=== Section Start ===
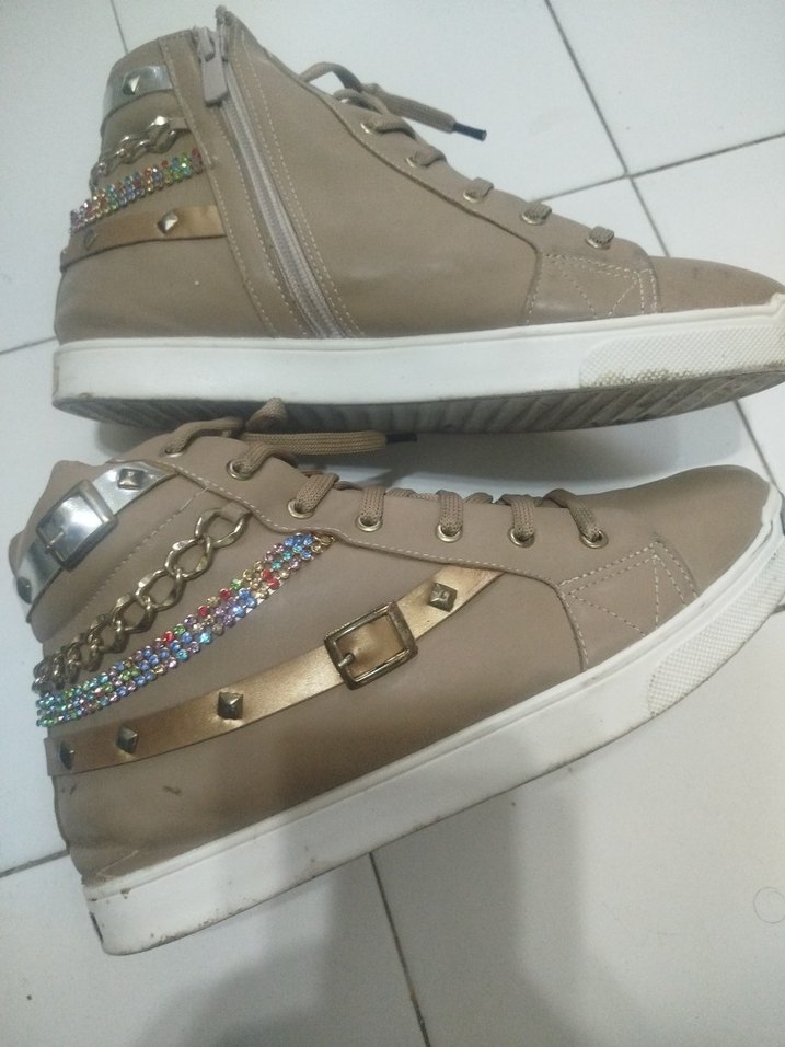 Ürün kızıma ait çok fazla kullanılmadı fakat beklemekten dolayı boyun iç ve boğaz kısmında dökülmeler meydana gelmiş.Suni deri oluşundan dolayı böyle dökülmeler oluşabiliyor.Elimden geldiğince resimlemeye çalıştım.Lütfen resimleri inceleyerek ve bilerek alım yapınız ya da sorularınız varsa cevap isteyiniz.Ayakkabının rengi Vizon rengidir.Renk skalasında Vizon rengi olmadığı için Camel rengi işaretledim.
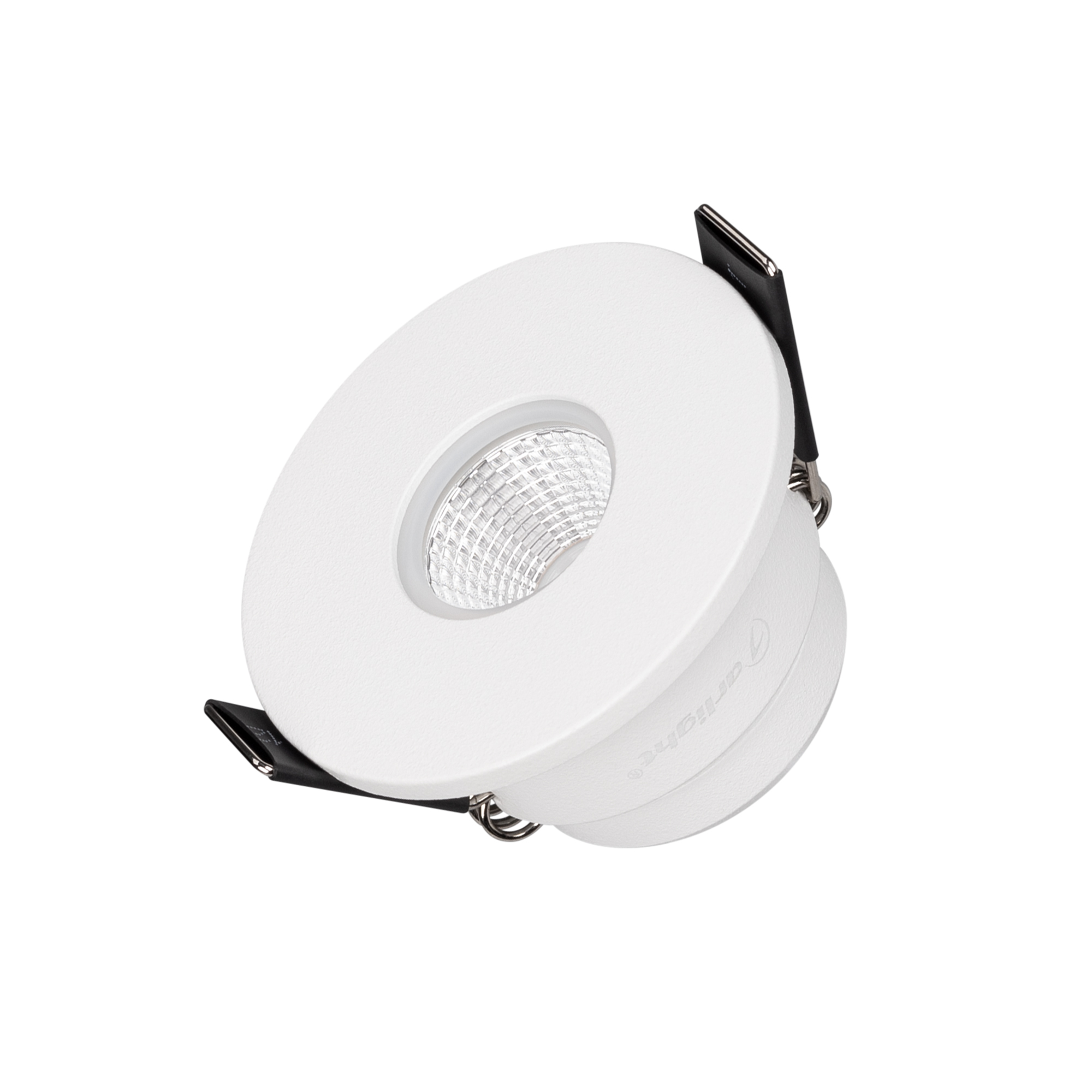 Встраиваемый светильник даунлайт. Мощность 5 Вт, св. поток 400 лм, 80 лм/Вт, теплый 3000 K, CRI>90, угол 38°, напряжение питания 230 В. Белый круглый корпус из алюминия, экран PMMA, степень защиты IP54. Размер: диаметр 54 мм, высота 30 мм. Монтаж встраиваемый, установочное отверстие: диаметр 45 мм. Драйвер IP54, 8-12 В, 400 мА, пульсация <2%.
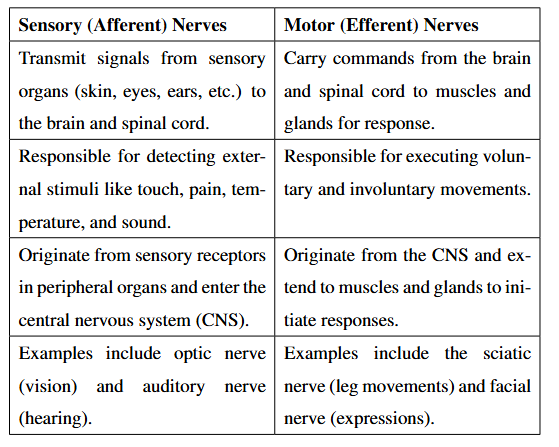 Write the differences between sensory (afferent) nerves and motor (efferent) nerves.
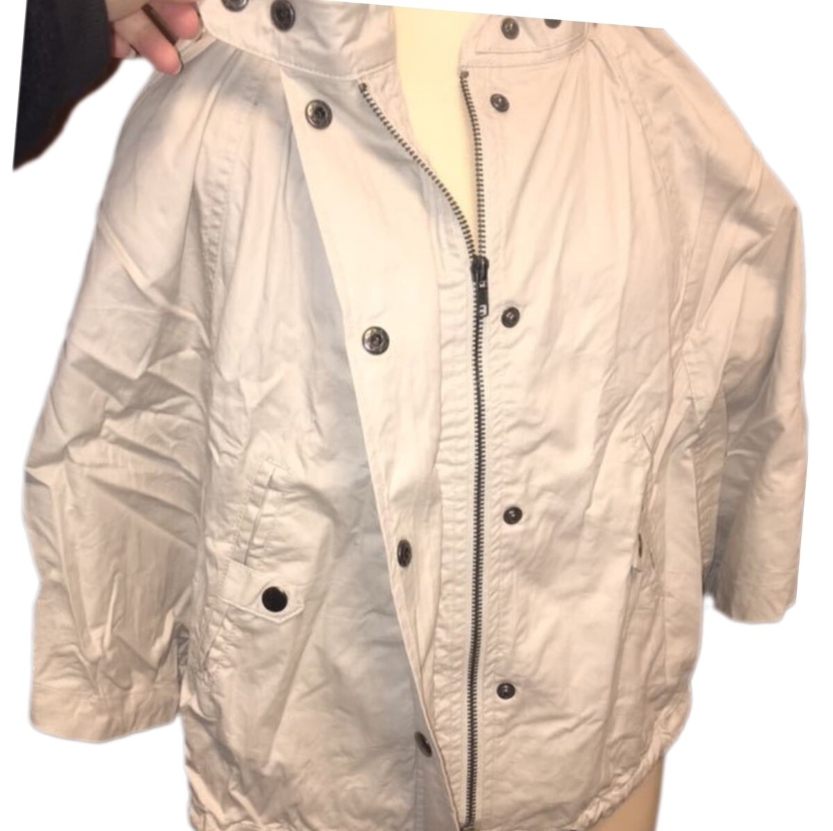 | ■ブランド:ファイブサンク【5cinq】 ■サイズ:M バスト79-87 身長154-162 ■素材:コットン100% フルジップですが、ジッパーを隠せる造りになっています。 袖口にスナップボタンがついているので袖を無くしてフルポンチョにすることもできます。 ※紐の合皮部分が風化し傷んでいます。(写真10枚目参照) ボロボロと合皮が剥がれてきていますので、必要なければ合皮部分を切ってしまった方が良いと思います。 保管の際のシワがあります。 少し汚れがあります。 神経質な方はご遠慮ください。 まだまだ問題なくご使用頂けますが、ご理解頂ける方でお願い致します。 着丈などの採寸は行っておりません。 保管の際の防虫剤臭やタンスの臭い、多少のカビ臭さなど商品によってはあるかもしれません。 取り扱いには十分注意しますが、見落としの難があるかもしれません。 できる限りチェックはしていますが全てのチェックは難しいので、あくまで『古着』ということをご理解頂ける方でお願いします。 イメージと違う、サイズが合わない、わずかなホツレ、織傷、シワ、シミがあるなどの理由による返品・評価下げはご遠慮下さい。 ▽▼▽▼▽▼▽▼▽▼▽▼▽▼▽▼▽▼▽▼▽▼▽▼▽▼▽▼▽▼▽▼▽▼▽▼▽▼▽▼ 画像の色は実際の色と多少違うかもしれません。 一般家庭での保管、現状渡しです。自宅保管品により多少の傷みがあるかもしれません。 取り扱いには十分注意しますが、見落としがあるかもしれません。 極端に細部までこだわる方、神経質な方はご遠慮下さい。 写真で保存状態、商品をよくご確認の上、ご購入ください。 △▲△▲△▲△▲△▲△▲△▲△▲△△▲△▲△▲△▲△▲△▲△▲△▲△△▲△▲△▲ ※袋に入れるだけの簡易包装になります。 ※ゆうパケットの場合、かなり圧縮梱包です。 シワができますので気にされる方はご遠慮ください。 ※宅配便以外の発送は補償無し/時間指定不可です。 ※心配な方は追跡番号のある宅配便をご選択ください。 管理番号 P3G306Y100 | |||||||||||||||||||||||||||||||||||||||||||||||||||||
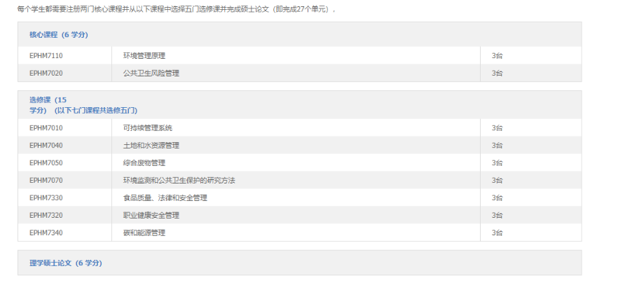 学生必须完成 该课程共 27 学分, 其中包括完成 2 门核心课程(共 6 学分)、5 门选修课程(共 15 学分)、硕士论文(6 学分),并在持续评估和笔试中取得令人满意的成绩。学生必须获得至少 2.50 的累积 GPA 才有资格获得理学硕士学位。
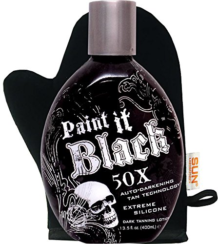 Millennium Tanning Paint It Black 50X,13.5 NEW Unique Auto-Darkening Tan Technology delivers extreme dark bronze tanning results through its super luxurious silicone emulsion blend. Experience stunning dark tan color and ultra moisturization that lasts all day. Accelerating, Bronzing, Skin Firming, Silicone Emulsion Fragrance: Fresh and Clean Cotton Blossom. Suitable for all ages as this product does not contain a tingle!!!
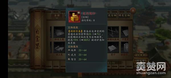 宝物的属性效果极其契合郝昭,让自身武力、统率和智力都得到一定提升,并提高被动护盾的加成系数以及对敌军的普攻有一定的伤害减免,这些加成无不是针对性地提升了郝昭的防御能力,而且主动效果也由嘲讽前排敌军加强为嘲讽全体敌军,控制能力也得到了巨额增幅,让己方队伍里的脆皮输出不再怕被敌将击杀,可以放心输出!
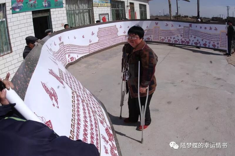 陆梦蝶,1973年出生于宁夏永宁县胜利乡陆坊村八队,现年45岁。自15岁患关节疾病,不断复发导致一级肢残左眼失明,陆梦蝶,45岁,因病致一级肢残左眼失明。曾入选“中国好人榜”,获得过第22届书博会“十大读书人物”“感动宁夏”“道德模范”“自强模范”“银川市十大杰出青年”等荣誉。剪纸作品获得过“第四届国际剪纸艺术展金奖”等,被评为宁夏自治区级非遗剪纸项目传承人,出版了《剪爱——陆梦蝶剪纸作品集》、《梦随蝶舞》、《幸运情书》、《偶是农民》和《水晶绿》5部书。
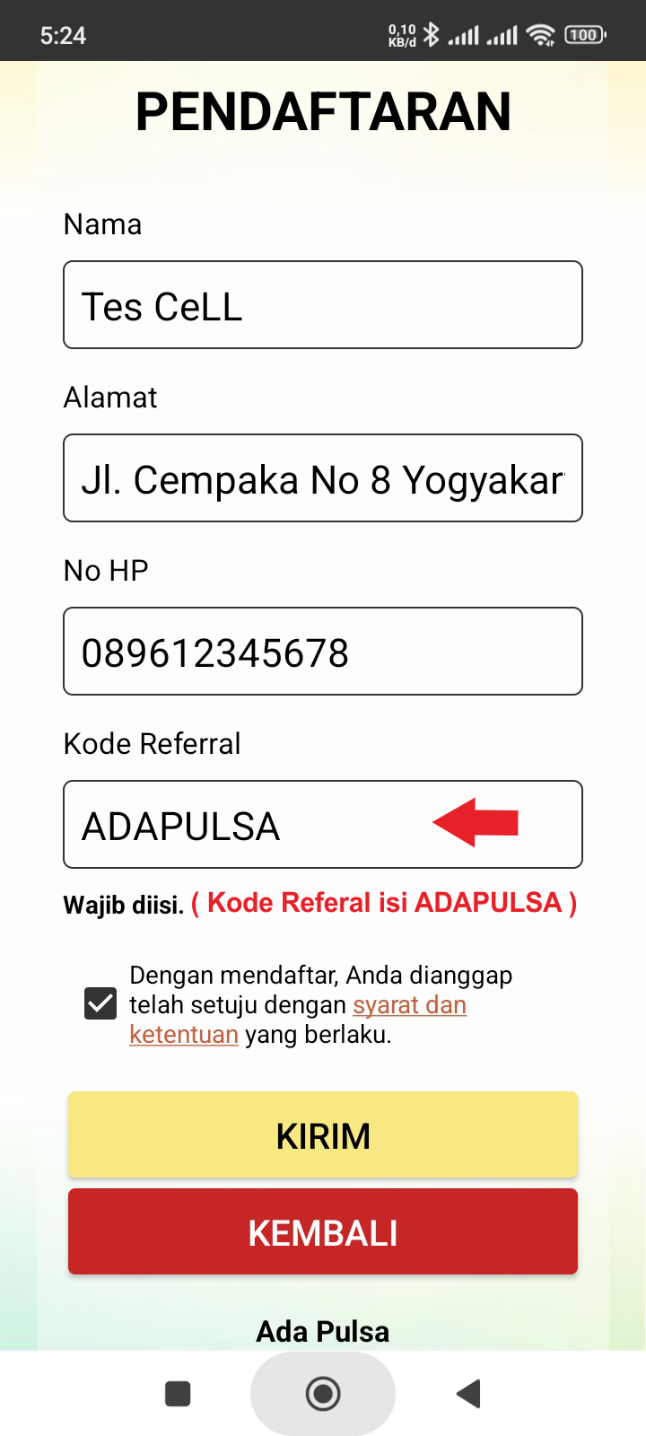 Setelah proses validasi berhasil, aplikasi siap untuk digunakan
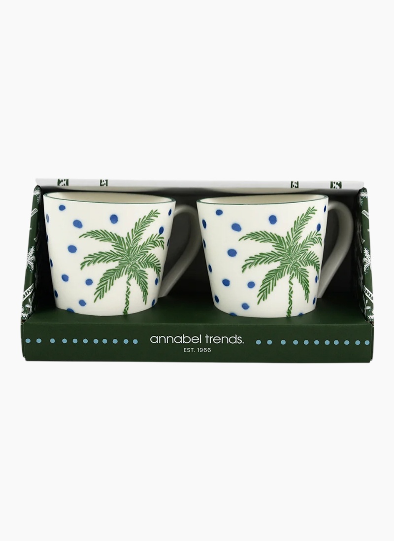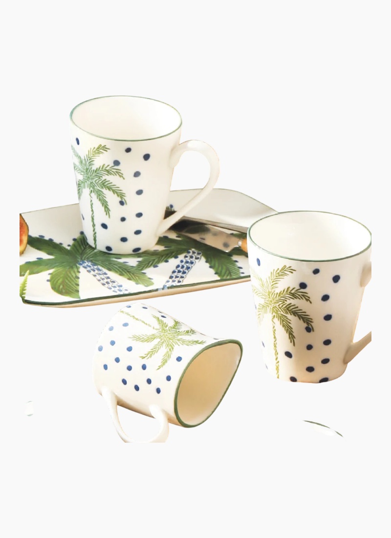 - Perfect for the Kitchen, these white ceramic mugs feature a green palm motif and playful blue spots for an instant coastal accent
=== Section End ===
*Task prompt*
Each entry above should be copied exactly. The pictures should not.

*Response for this exercise*
 Ürün kızıma ait çok fazla kullanılmadı fakat beklemekten dolayı boyun iç ve boğaz kısmında dökülmeler meydana gelmiş.Suni deri oluşundan dolayı böyle dökülmeler oluşabiliyor.Elimden geldiğince resimlemeye çalıştım.Lütfen resimleri inceleyerek ve bilerek alım yapınız ya da sorularınız varsa cevap isteyiniz.Ayakkabının rengi Vizon rengidir.Renk skalasında Vizon rengi olmadığı için Camel rengi işaretledim.
 Встраиваемый светильник даунлайт. Мощность 5 Вт, св. поток 400 лм, 80 лм/Вт, теплый 3000 K, CRI>90, угол 38°, напряжение питания 230 В. Белый круглый корпус из алюминия, экран PMMA, степень защиты IP54. Размер: диаметр 54 мм, высота 30 мм. Монтаж встраиваемый, установочное отверстие: диаметр 45 мм. Драйвер IP54, 8-12 В, 400 мА, пульсация <2%.
 Write the differences between sensory (afferent) nerves and motor (efferent) nerves.
 | ■ブランド:ファイブサンク【5cinq】 ■サイズ:M バスト79-87 身長154-162 ■素材:コットン100% フルジップですが、ジッパーを隠せる造りになっています。 袖口にスナップボタンがついているので袖を無くしてフルポンチョにすることもできます。 ※紐の合皮部分が風化し傷んでいます。(写真10枚目参照) ボロボロと合皮が剥がれてきていますので、必要なければ合皮部分を切ってしまった方が良いと思います。 保管の際のシワがあります。 少し汚れがあります。 神経質な方はご遠慮ください。 まだまだ問題なくご使用頂けますが、ご理解頂ける方でお願い致します。 着丈などの採寸は行っておりません。 保管の際の防虫剤臭やタンスの臭い、多少のカビ臭さなど商品によってはあるかもしれません。 取り扱いには十分注意しますが、見落としの難があるかもしれません。 できる限りチェックはしていますが全てのチェックは難しいので、あくまで『古着』ということをご理解頂ける方でお願いします。 イメージと違う、サイズが合わない、わずかなホツレ、織傷、シワ、シミがあるなどの理由による返品・評価下げはご遠慮下さい。 ▽▼▽▼▽▼▽▼▽▼▽▼▽▼▽▼▽▼▽▼▽▼▽▼▽▼▽▼▽▼▽▼▽▼▽▼▽▼▽▼ 画像の色は実際の色と多少違うかもしれません。 一般家庭での保管、現状渡しです。自宅保管品により多少の傷みがあるかもしれません。 取り扱いには十分注意しますが、見落としがあるかもしれません。 極端に細部までこだわる方、神経質な方はご遠慮下さい。 写真で保存状態、商品をよくご確認の上、ご購入ください。 △▲△▲△▲△▲△▲△▲△▲△▲△△▲△▲△▲△▲△▲△▲△▲△▲△△▲△▲△▲ ※袋に入れるだけの簡易包装になります。 ※ゆうパケットの場合、かなり圧縮梱包です。 シワができますので気にされる方はご遠慮ください。 ※宅配便以外の発送は補償無し/時間指定不可です。 ※心配な方は追跡番号のある宅配便をご選択ください。 管理番号 P3G306Y100 | |||||||||||||||||||||||||||||||||||||||||||||||||||||
 学生必须完成 该课程共 27 学分, 其中包括完成 2 门核心课程(共 6 学分)、5 门选修课程(共 15 学分)、硕士论文(6 学分),并在持续评估和笔试中取得令人满意的成绩。学生必须获得至少 2.50 的累积 GPA 才有资格获得理学硕士学位。
 Millennium Tanning Paint It Black 50X,13.5 NEW Unique Auto-Darkening Tan Technology delivers extreme dark bronze tanning results through its super luxurious silicone emulsion blend. Experience stunning dark tan color and ultra moisturization that lasts all day. Accelerating, Bronzing, Skin Firming, Silicone Emulsion Fragrance: Fresh and Clean Cotton Blossom. Suitable for all ages as this product does not contain a tingle!!!
 宝物的属性效果极其契合郝昭,让自身武力、统率和智力都得到一定提升,并提高被动护盾的加成系数以及对敌军的普攻有一定的伤害减免,这些加成无不是针对性地提升了郝昭的防御能力,而且主动效果也由嘲讽前排敌军加强为嘲讽全体敌军,控制能力也得到了巨额增幅,让己方队伍里的脆皮输出不再怕被敌将击杀,可以放心输出!
 陆梦蝶,1973年出生于宁夏永宁县胜利乡陆坊村八队,现年45岁。自15岁患关节疾病,不断复发导致一级肢残左眼失明,陆梦蝶,45岁,因病致一级肢残左眼失明。曾入选“中国好人榜”,获得过第22届书博会“十大读书人物”“感动宁夏”“道德模范”“自强模范”“银川市十大杰出青年”等荣誉。剪纸作品获得过“第四届国际剪纸艺术展金奖”等,被评为宁夏自治区级非遗剪纸项目传承人,出版了《剪爱——陆梦蝶剪纸作品集》、《梦随蝶舞》、《幸运情书》、《偶是农民》和《水晶绿》5部书。
 Setelah proses validasi berhasil, aplikasi siap untuk digunakan
 - Perfect for the Kitchen, these white ceramic mugs feature a green palm motif and playful blue spots for an instant coastal accent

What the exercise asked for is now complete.